(Dataset excerpts begins)
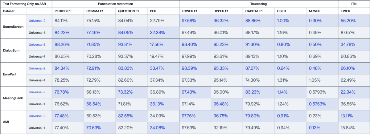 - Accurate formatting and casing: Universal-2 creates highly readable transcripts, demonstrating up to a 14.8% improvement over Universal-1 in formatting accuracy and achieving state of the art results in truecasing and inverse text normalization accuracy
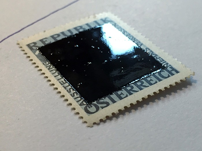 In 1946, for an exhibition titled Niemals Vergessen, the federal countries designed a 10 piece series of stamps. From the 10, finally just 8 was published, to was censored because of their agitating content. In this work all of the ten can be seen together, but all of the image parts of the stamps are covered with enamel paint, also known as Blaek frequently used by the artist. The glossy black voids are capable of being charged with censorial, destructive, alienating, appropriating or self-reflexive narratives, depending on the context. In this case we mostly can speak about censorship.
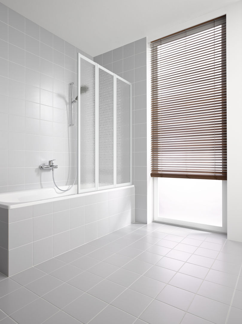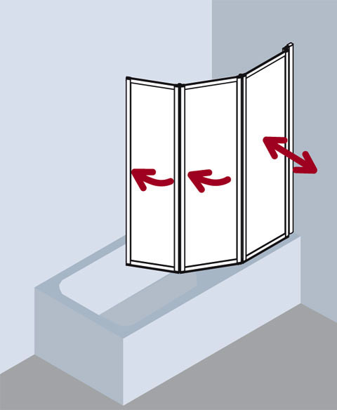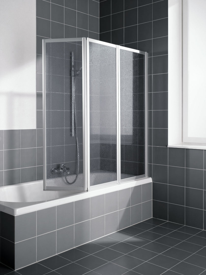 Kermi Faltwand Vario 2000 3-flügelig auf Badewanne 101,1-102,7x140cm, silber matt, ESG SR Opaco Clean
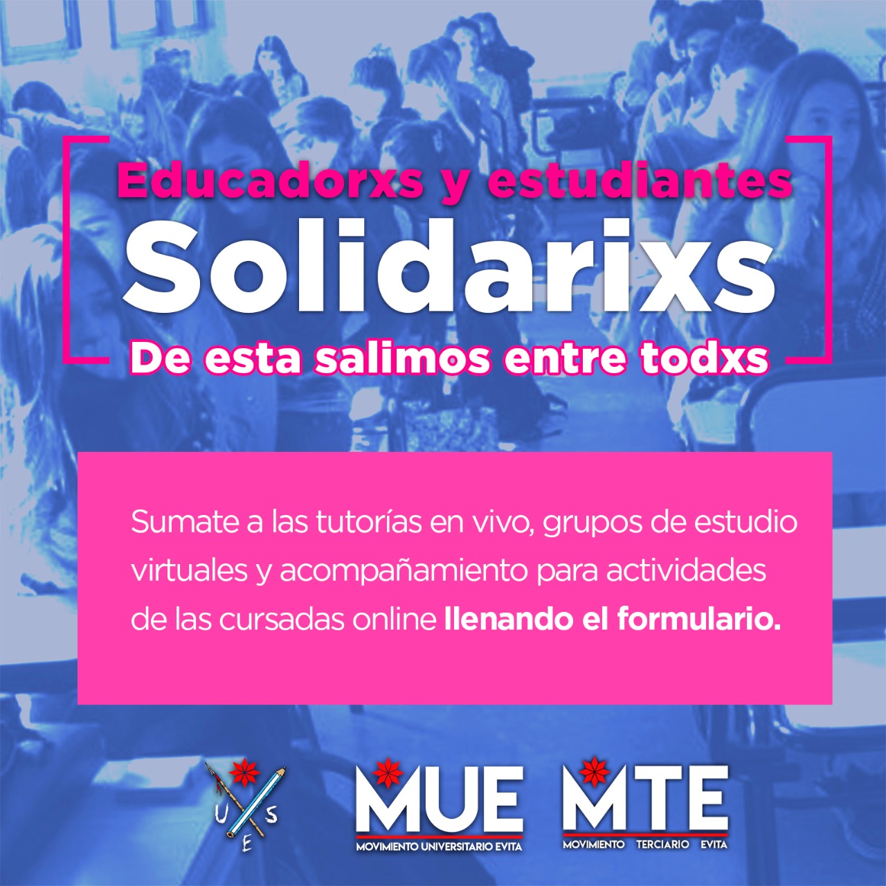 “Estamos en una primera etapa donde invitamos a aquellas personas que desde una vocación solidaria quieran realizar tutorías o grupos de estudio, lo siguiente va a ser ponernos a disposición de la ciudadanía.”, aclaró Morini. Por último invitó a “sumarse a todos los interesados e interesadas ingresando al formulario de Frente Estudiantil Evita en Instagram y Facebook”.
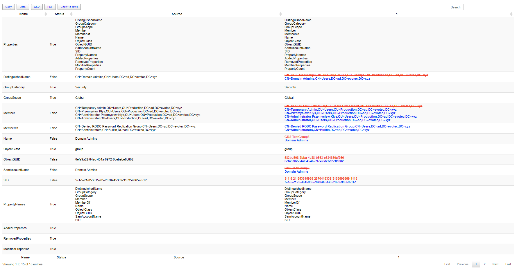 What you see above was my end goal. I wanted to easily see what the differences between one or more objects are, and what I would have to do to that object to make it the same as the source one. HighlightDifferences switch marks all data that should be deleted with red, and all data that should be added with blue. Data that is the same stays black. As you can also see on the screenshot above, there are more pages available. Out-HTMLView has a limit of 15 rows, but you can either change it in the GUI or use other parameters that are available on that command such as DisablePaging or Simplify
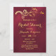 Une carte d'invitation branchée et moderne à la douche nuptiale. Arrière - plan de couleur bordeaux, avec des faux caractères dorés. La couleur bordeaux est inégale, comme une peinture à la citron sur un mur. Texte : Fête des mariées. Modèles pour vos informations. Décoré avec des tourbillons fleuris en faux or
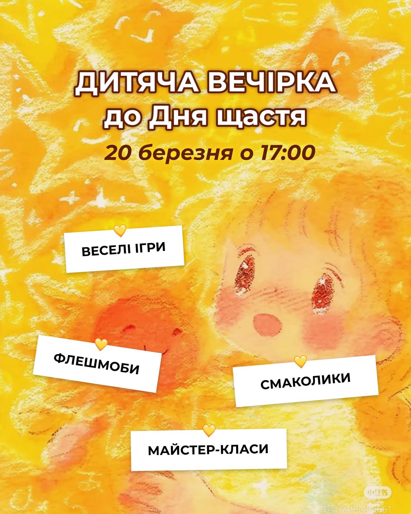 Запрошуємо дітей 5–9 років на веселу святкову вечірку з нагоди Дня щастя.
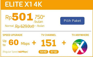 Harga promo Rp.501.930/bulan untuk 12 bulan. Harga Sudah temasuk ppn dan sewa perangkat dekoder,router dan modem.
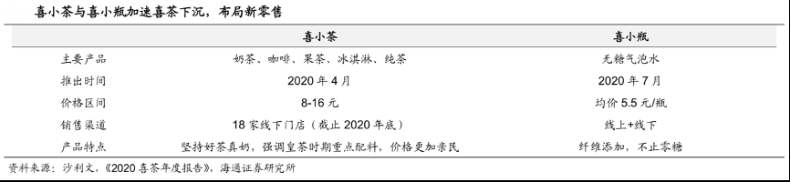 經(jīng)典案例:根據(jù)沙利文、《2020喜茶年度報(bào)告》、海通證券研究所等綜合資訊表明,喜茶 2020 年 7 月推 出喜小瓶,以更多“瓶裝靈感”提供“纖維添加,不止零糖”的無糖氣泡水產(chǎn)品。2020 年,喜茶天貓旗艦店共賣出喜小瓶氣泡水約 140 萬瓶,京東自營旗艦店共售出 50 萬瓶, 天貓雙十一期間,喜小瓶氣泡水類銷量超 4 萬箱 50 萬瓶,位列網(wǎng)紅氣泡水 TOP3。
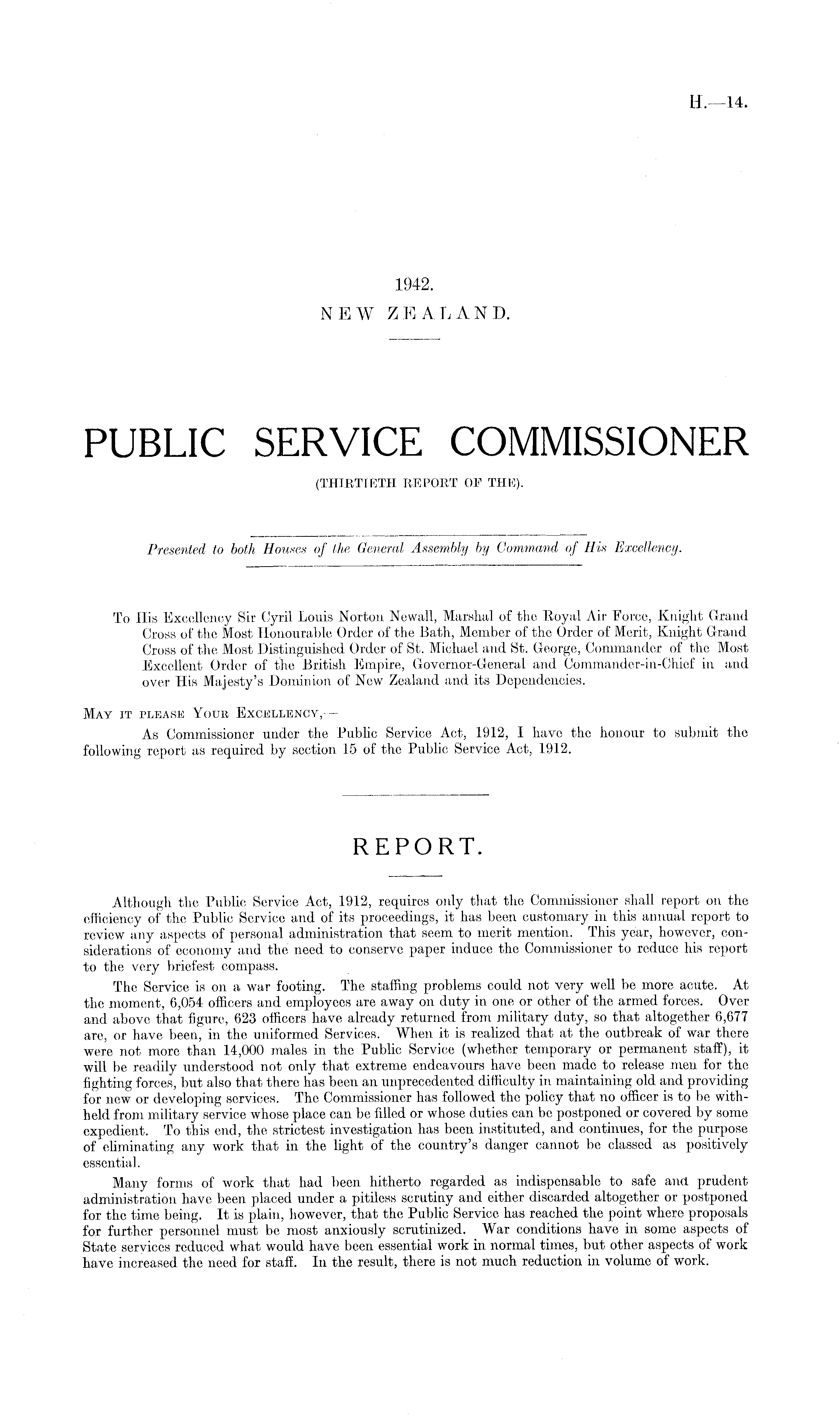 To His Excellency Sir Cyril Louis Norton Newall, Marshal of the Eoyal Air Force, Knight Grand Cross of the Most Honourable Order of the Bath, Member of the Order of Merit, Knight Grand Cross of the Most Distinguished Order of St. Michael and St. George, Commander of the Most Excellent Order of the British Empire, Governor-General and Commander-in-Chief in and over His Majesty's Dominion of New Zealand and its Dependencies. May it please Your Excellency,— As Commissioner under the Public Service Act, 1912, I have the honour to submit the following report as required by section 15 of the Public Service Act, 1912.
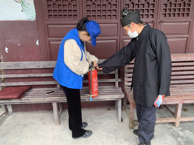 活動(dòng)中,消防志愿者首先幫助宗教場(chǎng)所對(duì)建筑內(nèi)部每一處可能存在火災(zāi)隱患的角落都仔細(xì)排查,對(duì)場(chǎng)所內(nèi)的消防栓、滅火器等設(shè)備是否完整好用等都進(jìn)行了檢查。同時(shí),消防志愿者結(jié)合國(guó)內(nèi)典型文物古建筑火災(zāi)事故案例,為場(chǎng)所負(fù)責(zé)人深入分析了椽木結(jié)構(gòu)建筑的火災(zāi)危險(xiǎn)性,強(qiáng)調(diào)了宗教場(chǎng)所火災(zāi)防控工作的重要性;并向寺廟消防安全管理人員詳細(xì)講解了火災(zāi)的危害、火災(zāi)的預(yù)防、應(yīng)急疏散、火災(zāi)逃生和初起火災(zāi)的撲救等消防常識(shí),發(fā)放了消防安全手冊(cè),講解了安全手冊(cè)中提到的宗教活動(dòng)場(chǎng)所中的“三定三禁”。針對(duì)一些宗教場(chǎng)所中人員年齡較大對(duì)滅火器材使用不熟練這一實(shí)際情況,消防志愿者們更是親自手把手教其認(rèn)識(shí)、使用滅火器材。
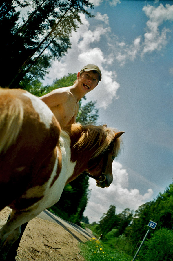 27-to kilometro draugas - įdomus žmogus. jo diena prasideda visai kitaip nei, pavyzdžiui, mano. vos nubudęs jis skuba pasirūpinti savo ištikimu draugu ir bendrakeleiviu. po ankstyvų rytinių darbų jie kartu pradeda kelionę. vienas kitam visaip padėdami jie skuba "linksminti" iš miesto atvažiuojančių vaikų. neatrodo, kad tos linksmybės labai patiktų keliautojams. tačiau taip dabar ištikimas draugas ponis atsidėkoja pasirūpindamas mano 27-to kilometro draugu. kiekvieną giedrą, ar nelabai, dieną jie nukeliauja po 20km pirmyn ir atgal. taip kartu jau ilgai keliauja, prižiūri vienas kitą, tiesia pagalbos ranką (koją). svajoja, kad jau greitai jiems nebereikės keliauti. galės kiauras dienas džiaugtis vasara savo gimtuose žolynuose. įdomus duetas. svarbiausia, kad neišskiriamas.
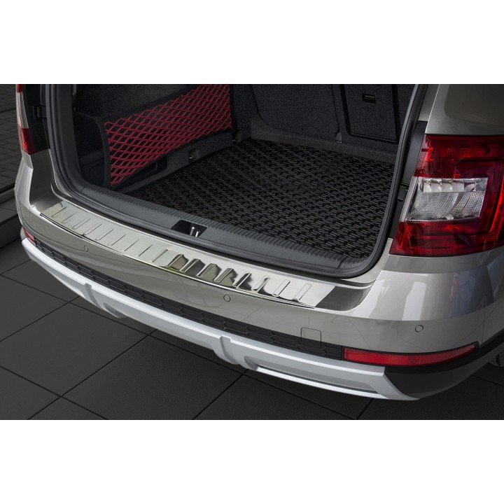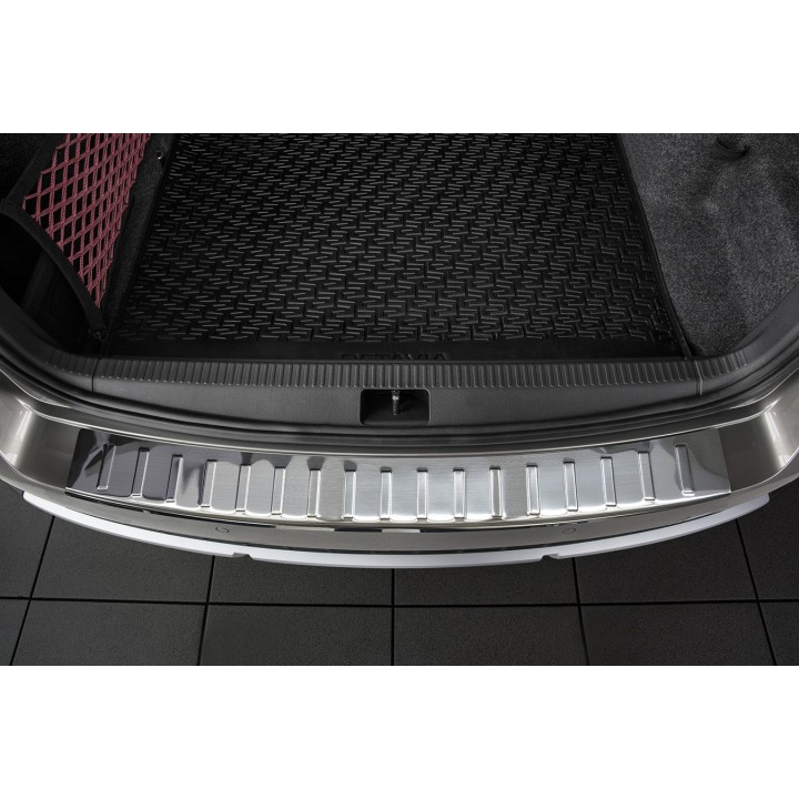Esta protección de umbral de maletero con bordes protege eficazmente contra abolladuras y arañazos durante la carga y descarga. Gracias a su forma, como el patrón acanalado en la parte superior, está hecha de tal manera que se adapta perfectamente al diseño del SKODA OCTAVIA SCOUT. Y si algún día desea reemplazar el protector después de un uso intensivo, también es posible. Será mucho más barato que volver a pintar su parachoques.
(Dataset excerpts ends)
Aim of the task>
Exercise for the records above: copy only the lines from the one with "To His Excellency" to the one with "27-to kilometro draugas", both ends kept, and drop the pictures.

Your response>
 To His Excellency Sir Cyril Louis Norton Newall, Marshal of the Eoyal Air Force, Knight Grand Cross of the Most Honourable Order of the Bath, Member of the Order of Merit, Knight Grand Cross of the Most Distinguished Order of St. Michael and St. George, Commander of the Most Excellent Order of the British Empire, Governor-General and Commander-in-Chief in and over His Majesty's Dominion of New Zealand and its Dependencies. May it please Your Excellency,— As Commissioner under the Public Service Act, 1912, I have the honour to submit the following report as required by section 15 of the Public Service Act, 1912.
 活動(dòng)中,消防志愿者首先幫助宗教場(chǎng)所對(duì)建筑內(nèi)部每一處可能存在火災(zāi)隱患的角落都仔細(xì)排查,對(duì)場(chǎng)所內(nèi)的消防栓、滅火器等設(shè)備是否完整好用等都進(jìn)行了檢查。同時(shí),消防志愿者結(jié)合國(guó)內(nèi)典型文物古建筑火災(zāi)事故案例,為場(chǎng)所負(fù)責(zé)人深入分析了椽木結(jié)構(gòu)建筑的火災(zāi)危險(xiǎn)性,強(qiáng)調(diào)了宗教場(chǎng)所火災(zāi)防控工作的重要性;并向寺廟消防安全管理人員詳細(xì)講解了火災(zāi)的危害、火災(zāi)的預(yù)防、應(yīng)急疏散、火災(zāi)逃生和初起火災(zāi)的撲救等消防常識(shí),發(fā)放了消防安全手冊(cè),講解了安全手冊(cè)中提到的宗教活動(dòng)場(chǎng)所中的“三定三禁”。針對(duì)一些宗教場(chǎng)所中人員年齡較大對(duì)滅火器材使用不熟練這一實(shí)際情況,消防志愿者們更是親自手把手教其認(rèn)識(shí)、使用滅火器材。
 27-to kilometro draugas - įdomus žmogus. jo diena prasideda visai kitaip nei, pavyzdžiui, mano. vos nubudęs jis skuba pasirūpinti savo ištikimu draugu ir bendrakeleiviu. po ankstyvų rytinių darbų jie kartu pradeda kelionę. vienas kitam visaip padėdami jie skuba "linksminti" iš miesto atvažiuojančių vaikų. neatrodo, kad tos linksmybės labai patiktų keliautojams. tačiau taip dabar ištikimas draugas ponis atsidėkoja pasirūpindamas mano 27-to kilometro draugu. kiekvieną giedrą, ar nelabai, dieną jie nukeliauja po 20km pirmyn ir atgal. taip kartu jau ilgai keliauja, prižiūri vienas kitą, tiesia pagalbos ranką (koją). svajoja, kad jau greitai jiems nebereikės keliauti. galės kiauras dienas džiaugtis vasara savo gimtuose žolynuose. įdomus duetas. svarbiausia, kad neišskiriamas.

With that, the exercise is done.